# Extracted data
=== Section Start ===

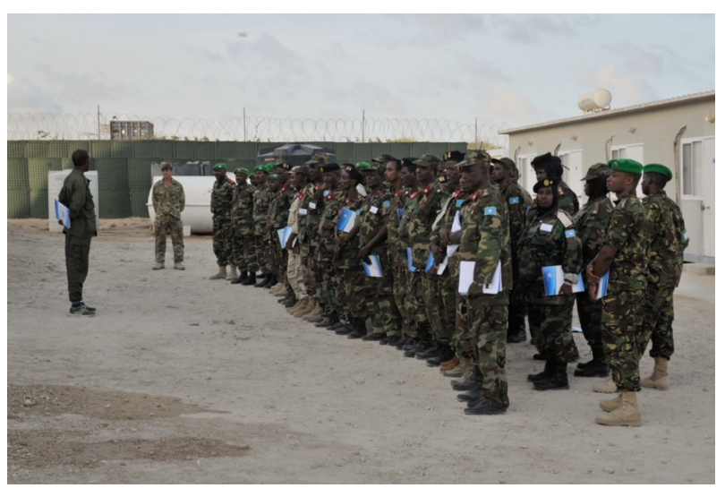
AMISOM, @Tobin Jones

recreational purposes, the beach should be accessed by foot only as this would not harm nest sites to the same extent.
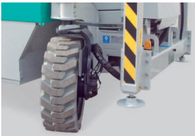
Easy to be driven thanks to the reduced steering angle.
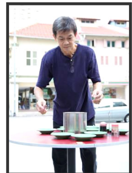
The uncle representing Ya Kun gets ready (right)

The first pit stop saw all teams pitting their egg-cracking skills against the lone but formidable uncle representing Ya Kun Kaya Toast. Each team was tasked to crack all twenty half-boiled eggs with as few broken yolks and shells as possible, and in the shortest time. Many found out later that breaking eggs may be easy, but preserving the firm yolk within required great skill!
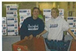
Chesterfield teachers mail student care boxes to 151 st FA.
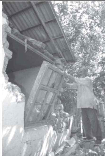
A Tajik villager inspects his house at a settlement in the Kumsangin region of Tajikistan on 30 July, 2006. An earthquake measuring 5.5 on the Richter Scale killed at least three children and left more than a thousand people without shelter in the south of Tajikistan, the Emergencies Ministry said on Sunday.—INTERNET

"Obviously it disturbs the flights, but now it is not on that level which can delay the flight schedules," he told Xinhua .—MNA/Xinhua
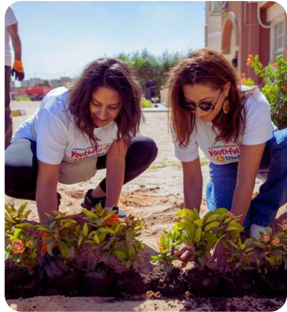
YDOS 2024 Volunteers in Egypt during Tree seedling planting project by INJAZ

YDOS is designed to ignite the agency and creativity of young people across Africa towards sustainable development.
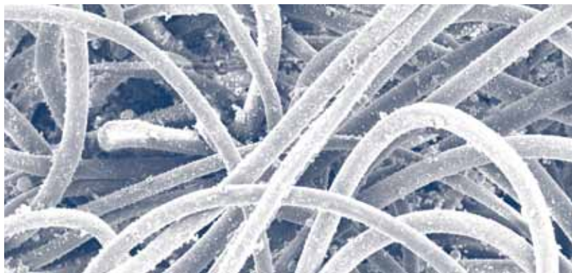
Needed Polyester Bag Clean Air Side (300x)
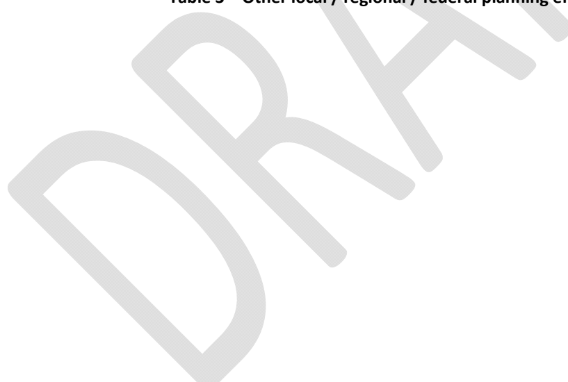
Table 3 – Other local / regional / federal planning efforts
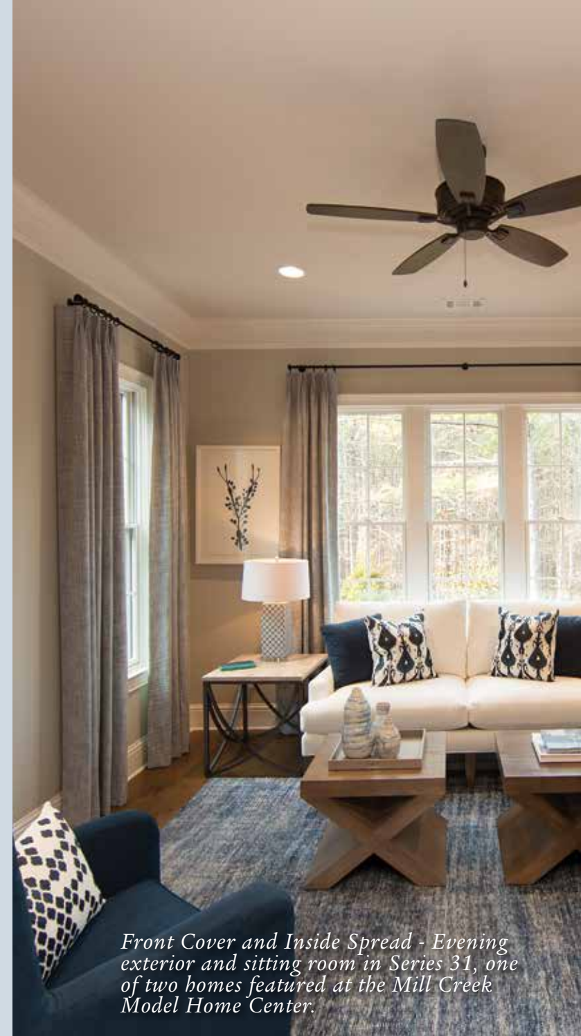
Front Cover and Inside Spread - Evening exterior and sitting room in Series 31, one of two homes featured at the Mill Creek Model Home Center.
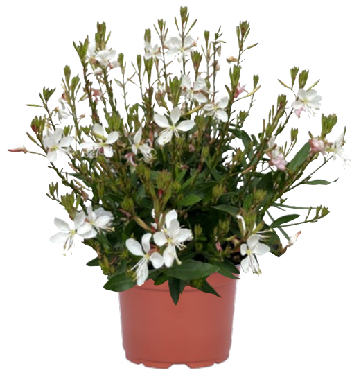
Gaura lindheimeri Monarch White 71350
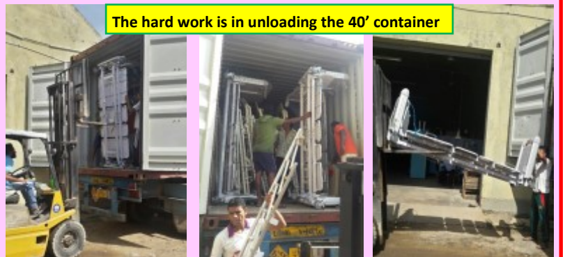
The hard work is in unloading the 40' container

Initiated this programme and now over 800 beds have been dispatched. It takes one person with an idea before good things happen in Rotary.
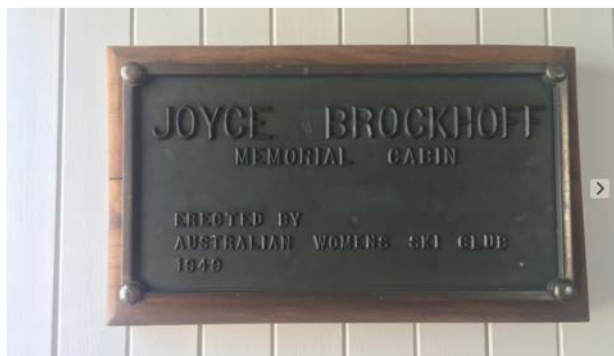
The plaque on the newly painted door

The hut was designed by Geelong architects Buchan Laird & Buchan, and was one of the first built in the Mount Hotham area. It is constructed from locally quarried stone, and features fabulous picture windows. It officially opened in 1949.
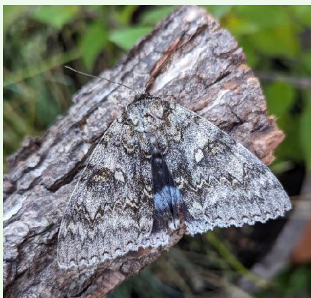
Clifden Nonpareil
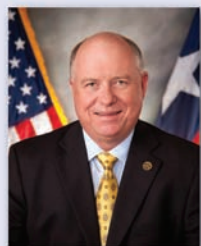
ALEXANDER'S FINE PORTRAIT DESIGN

Your help in recruiting only one (1) new member will go a long way in helping us to further our support of those who constantly protect each of us.
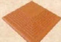
LM Corner Step/Coping 300 x 300 x 35mm
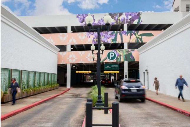
Rice Village Parking Garage
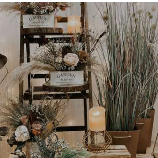
R U S T I C B O H O
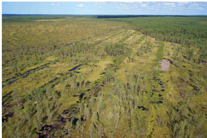
Restored Kauhaneva from air.
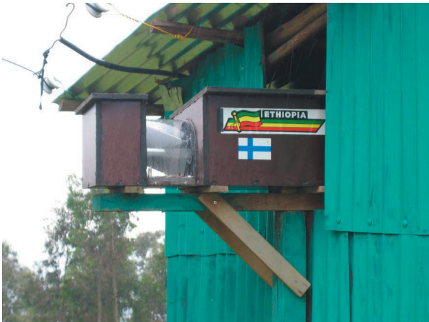
Fig. 1. The Photometer operating at EFO (Ethio-Finno Observatory) at the top of Entoto Mountain in Ethiopia.
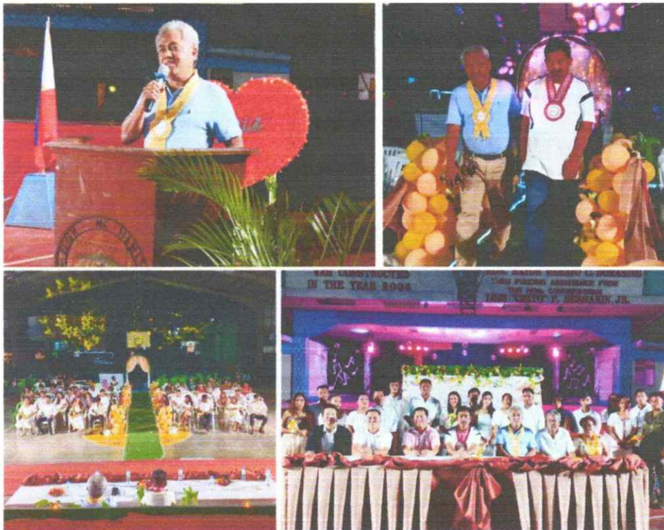
IN PHOTOS: (clockwise) 1: CSS Perdido delivering his message; 2: CSS Perdido and LCE Domasing during the procession rites; 3: Photo opportunity during the event; and 4: CSS Perdido and LCE Domasing in the venue

Date of Release : 13 February 2025 Reference No. : 2025CAR01-PR-08
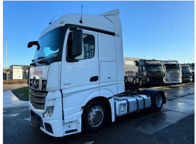
Mercedes-Benz Actros 1842 4X2 - EURO 6 + HEFSCHOTEL ...

=== Section End ===

# Task instructions
Where a line contains "Clifden Nonpareil", begin there and transcribe every line through the last one of the records above, exactly and with no pictures.

# The completed task
Clifden Nonpareil
ALEXANDER'S FINE PORTRAIT DESIGN

Your help in recruiting only one (1) new member will go a long way in helping us to further our support of those who constantly protect each of us.
LM Corner Step/Coping 300 x 300 x 35mm
Rice Village Parking Garage
R U S T I C B O H O
Restored Kauhaneva from air.
Fig. 1. The Photometer operating at EFO (Ethio-Finno Observatory) at the top of Entoto Mountain in Ethiopia.
IN PHOTOS: (clockwise) 1: CSS Perdido delivering his message; 2: CSS Perdido and LCE Domasing during the procession rites; 3: Photo opportunity during the event; and 4: CSS Perdido and LCE Domasing in the venue

Date of Release : 13 February 2025 Reference No. : 2025CAR01-PR-08
Mercedes-Benz Actros 1842 4X2 - EURO 6 + HEFSCHOTEL ...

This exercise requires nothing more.